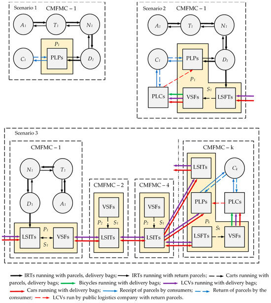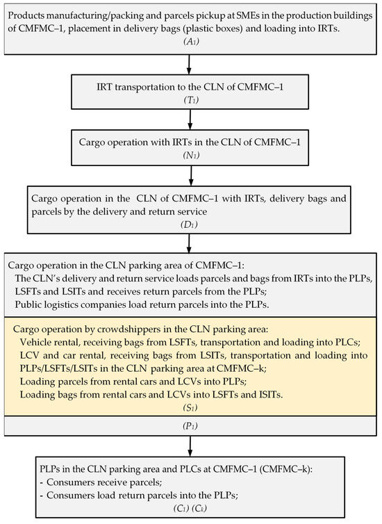 The CMFMC product flow in the form of parcels in IRTs passes through its CLN, dividing cargo flows into intra- and inter-clusters. Cargo in the IRTs is presented either in parcels or in delivery bags with parcels, and requires extensive sorting into delivery directions both within the CMFMC and outside it. Scenarios for parcel delivery in IRTs after sorting include loading into light e-trucks and courier delivery to the PLCs (less often, directly to consumers) or delivery to other CLNs of CMFMCs in the form of CCs. After CCs with parcels arrive at other CLNS, the scenarios of intra-cluster courier distribution of parcels to PLCs are repeated. Evidently, such scenarios for LMPD under the uncertainty of their generation in CMFMCs are not always acceptable and may lead to CLNs becoming overloaded. The uneven workload of CLNs at different times of the year requires a temporary increase in personnel and the allocation of additional space for organizing loading–unloading and sorting operations. In this regard, it is appropriate to consider sustainable scenarios for LMPD using crowdshippers and VSFs, as well as to evaluate delivery performance. This should account for the finite production capacity of parcel generation in CMFMCs during different periods of the year and for the composition and size of the VSFs, all of which will make this logistics process more sustainable and smart.
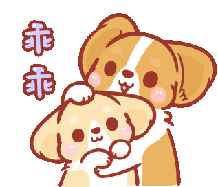 Two adorable cartoon dogs share a warm hug, with the comforting Chinese phrase 'Good boy/girl' displayed.
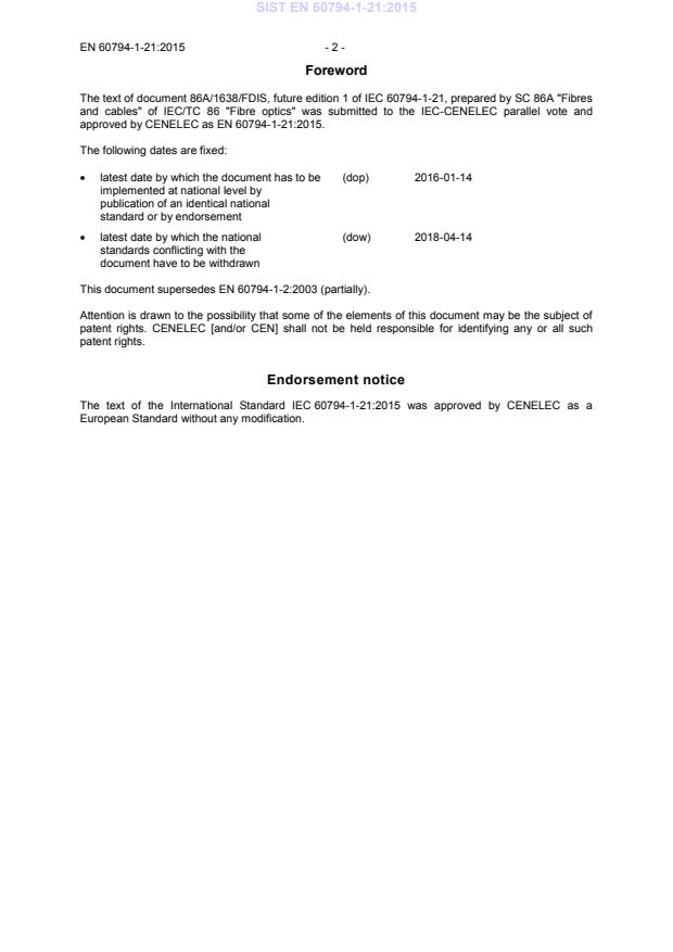 Ta slovenski standard je istoveten z: EN 60794-1-21:2015
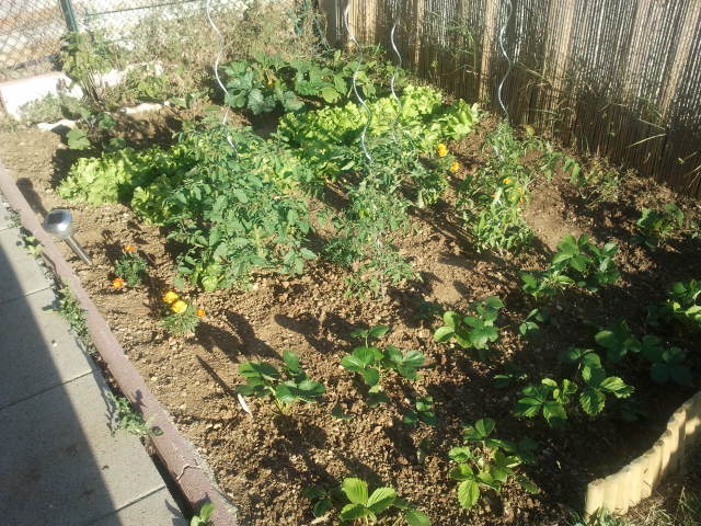 toute nouvelle main verte, j'ai emménagé en novembre dans une petite maison possédant une petite bande d'herbe sur 2 côtés... à la vue des beaux jours précoces, l'envie de jardiner pour la première fois naquit petit à petit... jusqu'à ce que je retourne un petit carré pour en faire un potager ! le lendemain, plusieurs plants étaient déjà là !! je suis une rapide, je sais ! mais en deux mois le potager était créé, la terrasse envahie !
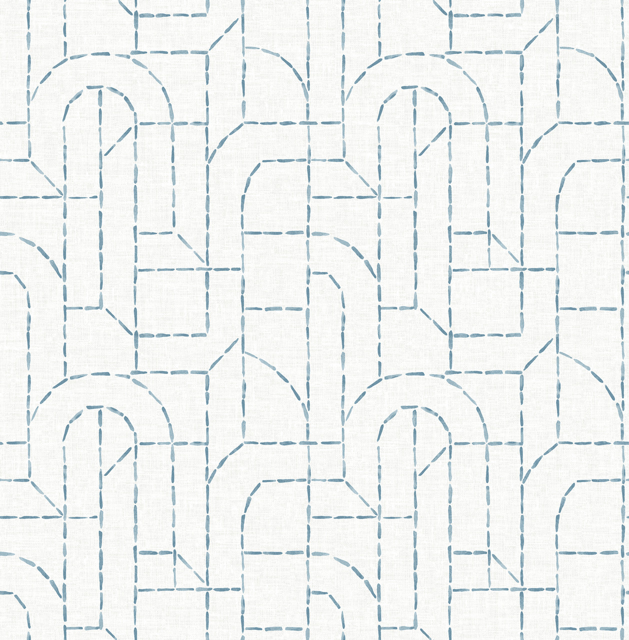4146-27222 - Integrity Blue Arched Outlines Wallpaper. Enjoy the luxury of grasscloth without the high maintenance. This faux-woven design mimics the look of natural fibers beautifully. Its soft grey tones provide a neutral, sophisticated backdrop for any decor. Unlike real sisal, this non-woven wallpaper is washable and easy to clean. It is the perfect choice for coastal-inspired or "quiet luxury" interiors.. The width in (in) 20.5 X 33 product length in (ft) covering About 56.4 square feet. Product Match is Straight. Product Repeat is 20.86. Material is Non Woven. Adhesion Type is Unpasted - Washable - Strippable. The Color is Blues
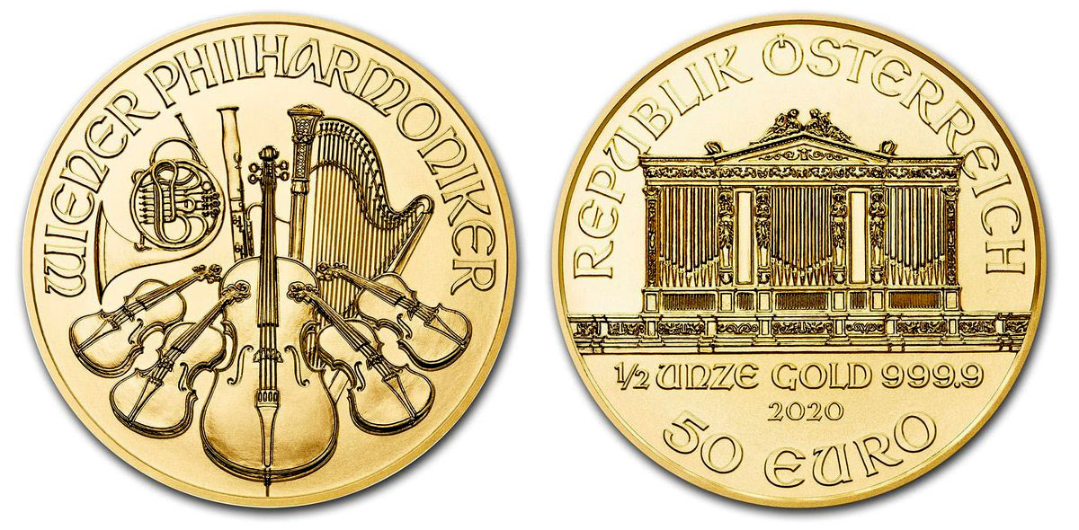 ウィーン金貨は裏面にヴァイオリンやハープなどの管弦楽器屋やホルン・ファゴット、おもて面にはウィーン・フィルハーモニー管弦楽団の定期演奏会会場である「楽友協会」の黄金の間にあるパイプオルガンがモチーフとなっている、実にオーストリアらしい金貨です。

→ Exercise goal
All of the data above should be quoted exactly, except for the pictures.

→ Output
 The CMFMC product flow in the form of parcels in IRTs passes through its CLN, dividing cargo flows into intra- and inter-clusters. Cargo in the IRTs is presented either in parcels or in delivery bags with parcels, and requires extensive sorting into delivery directions both within the CMFMC and outside it. Scenarios for parcel delivery in IRTs after sorting include loading into light e-trucks and courier delivery to the PLCs (less often, directly to consumers) or delivery to other CLNs of CMFMCs in the form of CCs. After CCs with parcels arrive at other CLNS, the scenarios of intra-cluster courier distribution of parcels to PLCs are repeated. Evidently, such scenarios for LMPD under the uncertainty of their generation in CMFMCs are not always acceptable and may lead to CLNs becoming overloaded. The uneven workload of CLNs at different times of the year requires a temporary increase in personnel and the allocation of additional space for organizing loading–unloading and sorting operations. In this regard, it is appropriate to consider sustainable scenarios for LMPD using crowdshippers and VSFs, as well as to evaluate delivery performance. This should account for the finite production capacity of parcel generation in CMFMCs during different periods of the year and for the composition and size of the VSFs, all of which will make this logistics process more sustainable and smart.
 Two adorable cartoon dogs share a warm hug, with the comforting Chinese phrase 'Good boy/girl' displayed.
 Ta slovenski standard je istoveten z: EN 60794-1-21:2015
 toute nouvelle main verte, j'ai emménagé en novembre dans une petite maison possédant une petite bande d'herbe sur 2 côtés... à la vue des beaux jours précoces, l'envie de jardiner pour la première fois naquit petit à petit... jusqu'à ce que je retourne un petit carré pour en faire un potager ! le lendemain, plusieurs plants étaient déjà là !! je suis une rapide, je sais ! mais en deux mois le potager était créé, la terrasse envahie !
4146-27222 - Integrity Blue Arched Outlines Wallpaper. Enjoy the luxury of grasscloth without the high maintenance. This faux-woven design mimics the look of natural fibers beautifully. Its soft grey tones provide a neutral, sophisticated backdrop for any decor. Unlike real sisal, this non-woven wallpaper is washable and easy to clean. It is the perfect choice for coastal-inspired or "quiet luxury" interiors.. The width in (in) 20.5 X 33 product length in (ft) covering About 56.4 square feet. Product Match is Straight. Product Repeat is 20.86. Material is Non Woven. Adhesion Type is Unpasted - Washable - Strippable. The Color is Blues
 ウィーン金貨は裏面にヴァイオリンやハープなどの管弦楽器屋やホルン・ファゴット、おもて面にはウィーン・フィルハーモニー管弦楽団の定期演奏会会場である「楽友協会」の黄金の間にあるパイプオルガンがモチーフとなっている、実にオーストリアらしい金貨です。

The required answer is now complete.